Scientists are reporting that aliens are wiping out the animals in Florida's Everglades.

The aliens are Burmese pythons from Asia. They've been slithering around south Florida for decades. But scientists now say the constrictors are so bad, they're eating their way through the swamps. And the federal government has decided to take action to prevent their spread.

One scientist who has been trying to find out just how bad the invasion has become is Michael Dorcas. He's been catching snakes since he was a child in Texas. But he says a 15-foot Burmese python is a handful ... or two.

"You typically try to grab them behind the head," he says, and "get somebody else to grab the back end of them. But often they still defecate all over you, even if they can't bite you, so it's always an unpleasant thing when you catch a wild python."

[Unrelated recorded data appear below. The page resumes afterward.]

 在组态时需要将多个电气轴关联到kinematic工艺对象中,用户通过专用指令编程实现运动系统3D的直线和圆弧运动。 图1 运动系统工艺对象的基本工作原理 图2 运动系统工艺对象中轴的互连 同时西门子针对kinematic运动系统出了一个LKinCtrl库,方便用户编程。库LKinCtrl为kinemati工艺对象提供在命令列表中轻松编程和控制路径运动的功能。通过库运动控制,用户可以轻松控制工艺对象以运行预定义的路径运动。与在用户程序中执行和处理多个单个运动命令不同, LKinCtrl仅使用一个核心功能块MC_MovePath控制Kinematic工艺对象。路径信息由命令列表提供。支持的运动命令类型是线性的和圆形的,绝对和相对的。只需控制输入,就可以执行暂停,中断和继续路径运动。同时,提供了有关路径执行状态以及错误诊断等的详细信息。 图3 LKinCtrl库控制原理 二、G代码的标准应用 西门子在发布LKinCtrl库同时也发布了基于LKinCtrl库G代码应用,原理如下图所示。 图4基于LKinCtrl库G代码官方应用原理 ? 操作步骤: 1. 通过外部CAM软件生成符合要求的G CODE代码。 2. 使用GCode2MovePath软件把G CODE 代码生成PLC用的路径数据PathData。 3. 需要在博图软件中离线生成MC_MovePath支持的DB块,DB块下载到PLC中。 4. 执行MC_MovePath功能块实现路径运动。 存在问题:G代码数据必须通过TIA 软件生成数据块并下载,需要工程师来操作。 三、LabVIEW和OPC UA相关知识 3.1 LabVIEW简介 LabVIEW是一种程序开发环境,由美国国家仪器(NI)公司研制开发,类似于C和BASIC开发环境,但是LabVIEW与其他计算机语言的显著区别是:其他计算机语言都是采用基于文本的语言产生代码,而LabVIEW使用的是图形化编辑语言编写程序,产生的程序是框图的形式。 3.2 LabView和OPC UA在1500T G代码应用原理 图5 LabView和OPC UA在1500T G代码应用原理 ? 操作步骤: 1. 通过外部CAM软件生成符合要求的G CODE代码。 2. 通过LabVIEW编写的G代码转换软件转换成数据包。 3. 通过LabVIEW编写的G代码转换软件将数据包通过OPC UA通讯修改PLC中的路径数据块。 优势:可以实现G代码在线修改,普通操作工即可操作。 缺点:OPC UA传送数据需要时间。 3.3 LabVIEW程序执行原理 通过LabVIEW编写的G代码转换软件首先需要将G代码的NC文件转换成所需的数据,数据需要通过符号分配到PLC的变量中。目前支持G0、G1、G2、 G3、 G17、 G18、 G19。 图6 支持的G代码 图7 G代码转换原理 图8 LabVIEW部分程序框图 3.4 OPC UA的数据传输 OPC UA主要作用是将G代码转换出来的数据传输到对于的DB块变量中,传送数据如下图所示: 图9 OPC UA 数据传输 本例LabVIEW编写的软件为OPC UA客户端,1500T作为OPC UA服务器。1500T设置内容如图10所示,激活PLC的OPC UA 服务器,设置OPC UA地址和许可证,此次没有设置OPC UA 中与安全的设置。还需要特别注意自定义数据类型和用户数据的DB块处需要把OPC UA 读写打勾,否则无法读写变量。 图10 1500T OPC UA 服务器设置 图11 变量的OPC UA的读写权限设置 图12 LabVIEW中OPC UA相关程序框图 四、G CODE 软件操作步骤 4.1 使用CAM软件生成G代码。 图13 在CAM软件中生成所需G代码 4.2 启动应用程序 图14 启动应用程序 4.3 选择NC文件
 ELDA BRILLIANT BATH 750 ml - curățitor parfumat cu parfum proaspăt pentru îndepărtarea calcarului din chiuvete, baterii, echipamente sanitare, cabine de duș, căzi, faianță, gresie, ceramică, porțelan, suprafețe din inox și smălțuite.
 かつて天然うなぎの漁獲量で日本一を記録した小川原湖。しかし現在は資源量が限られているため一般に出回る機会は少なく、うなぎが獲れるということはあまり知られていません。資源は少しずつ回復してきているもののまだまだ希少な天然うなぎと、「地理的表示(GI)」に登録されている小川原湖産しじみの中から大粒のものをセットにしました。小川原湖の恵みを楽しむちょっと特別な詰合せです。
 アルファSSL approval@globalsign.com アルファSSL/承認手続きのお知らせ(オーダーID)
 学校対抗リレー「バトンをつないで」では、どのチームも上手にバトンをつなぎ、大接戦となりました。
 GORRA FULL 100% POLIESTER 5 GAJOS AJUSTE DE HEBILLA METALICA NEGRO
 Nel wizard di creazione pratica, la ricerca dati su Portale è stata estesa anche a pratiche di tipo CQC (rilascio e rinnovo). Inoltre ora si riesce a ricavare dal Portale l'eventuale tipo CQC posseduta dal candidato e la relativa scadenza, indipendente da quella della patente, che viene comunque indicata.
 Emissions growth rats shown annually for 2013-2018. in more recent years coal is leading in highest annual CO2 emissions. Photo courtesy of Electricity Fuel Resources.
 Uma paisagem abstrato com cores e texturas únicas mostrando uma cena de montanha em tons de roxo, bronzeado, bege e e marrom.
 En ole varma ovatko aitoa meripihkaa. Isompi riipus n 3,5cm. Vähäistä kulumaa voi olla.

Dorcas is now a biologist at Davidson College in North Carolina. For the past eight years, besides catching pythons, he has been driving through the Everglades counting animals — specifically, midsize mammals.

Dorcas wanted to know how big a bite the pythons are taking out of the mammal population. When he compared the number of mammals now with the 1990s, when pythons were less common, he was shocked. "Once we calculated the percentages, we had no idea they were going to be this dramatic."

How dramatic? "A 99.3 percent decrease in raccoon observations," he reports. "Decreases of 98.9 percent in possums, 94 percent white-tailed deer, 87.5 percent in bobcats."

Nearly all the raccoons, possums, deer and bobcats gone.

Now, counting animals by sight from a car isn't foolproof, but it is an accepted practice in wildlife research.

Dorcas reports his findings in the Proceedings of the National Academy of Sciences. He says it's the first study to actually quantify the effect of the pythons' appetite in the Everglades.

A Python Invasion

He blames pythons because in areas known to be thickest with the snake, the mammals are scarcer. Where there are fewer pythons, there are more mammals. And there's no evidence that a disease is to blame, either. Furthermore, mammals and birds (the latter are also common snacks for pythons, as necropsies have revealed) often gather near water, where pythons like to feed. And Dorcas points out that snakes big enough to eat a good-sized raccoon haven't lived in Florida for millions of years. So "local" animals are "naive."

The onset of the python invasion is often blamed on snake owners who release their pets when they get too big for comfort.

Lawyer Marshall Meyers represents the pet industry and the Pet Industry Joint Advisory Council. He says maybe some pet owners do that, but he also cites a report that a hurricane overwhelmed a snake breeding site in Florida that could have spread the snakes. And while pythons are no doubt eating mammals, it's more complicated than that.

"I think it's habitat loss," Meyers says, and the fact that there's less fresh water in the Everglades now, which could reduce wildlife numbers.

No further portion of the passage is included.